Both this Scikit Learn regression example, or this Torch classifier example, are using tabular data. But they use Flower Datasets to facilitate partitioning instead of manual CSV loading. You can checkout this guide to see how to use a local CSV file with Flower Datasets
Hello,
I have modified the code of the first tutorial in the official Flower website.
I got the following:
def get_dataloaders(partition_id: int):
train_data = pd.read_csv( IRIS_DATASET_PATH / 'Train' / 'Train.csv' )

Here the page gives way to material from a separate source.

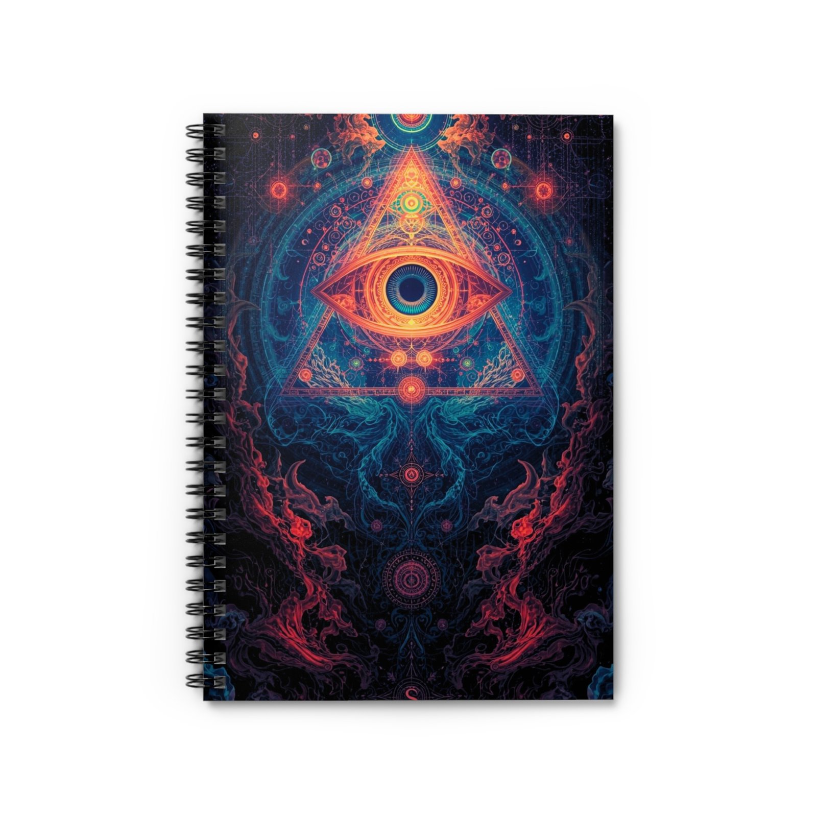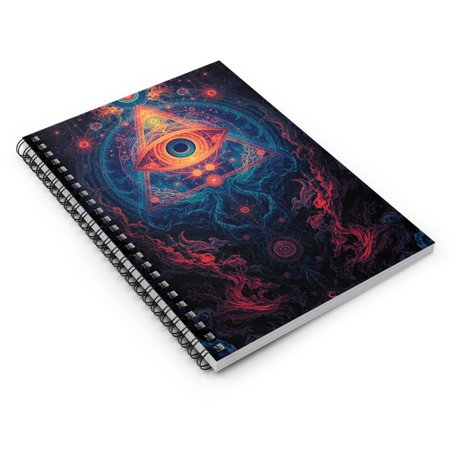 Deep, vivid art meets everyday writing. This 6″ x 8″ spiral notebook carries a mesmerizing, cosmic-eye illustration across the front cover โ colors that glow like embers and nebulae. The metal spiral lies flat as you write, while 118 ruled pages of smooth 90gsm paper invite steady handwriting, journal entries, sketches and lists. A dark grey back cover keeps the look grounded, and an inside document pocket tucks loose notes or receipts out of the way. Small enough to slip into a tote yet substantial enough to last through a semester of ideas, it becomes the quiet companion for late-night thoughts, studio scribbles, or ritual sketching.

test_data = pd.read_csv( IRIS_DATASET_PATH / 'Test' / 'Test.csv' )
df_data = pd.DataFrame( np.concatenate( [ train_data.values, test_data.values ], axis = 0 ) )
partitioner = IidPartitioner( num_partitions = NUM_CLIENTS )

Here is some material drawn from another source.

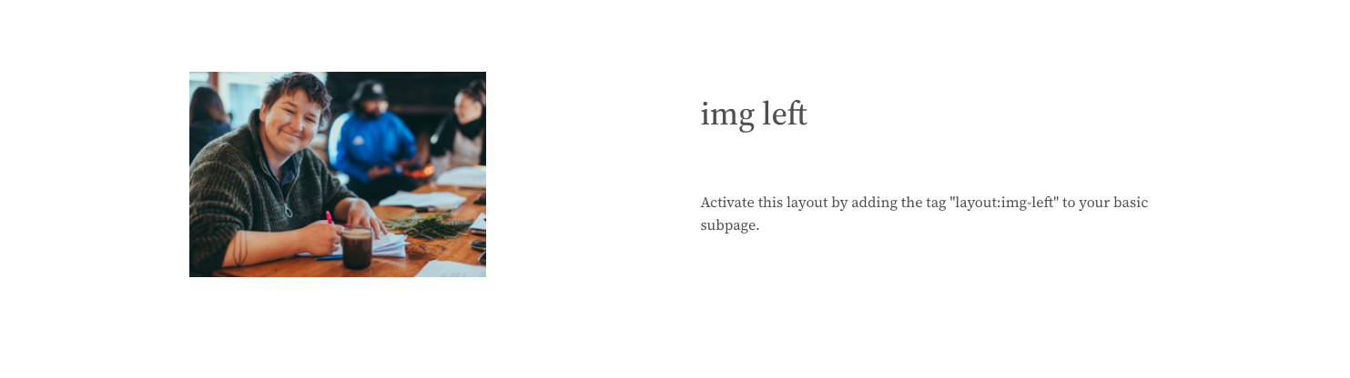 This basic content layout can be activated by applying the tag layout:img-left to a published basic subpage.

partitioner.dataset = Dataset.from_pandas( df_data )
partition = partitioner.load_partition( partition_id = partition_id )
#******************************************************
# DIVIDE DATA ON EACH NODE: 80% TRAIN, 20% VALID + TEST
#******************************************************
partition_train_test = partition.train_test_split( test_size = 0.2,
seed = 42 )
partition_valid_test = partition_train_test['test'].train_test_split( test_size = 0.5,
seed = 42 )
def apply_transforms( batch ):
# Instead of passing transforms to CIFAR10(..., transform=transform)
# we will use this function to dataset.with_transform(apply_transforms)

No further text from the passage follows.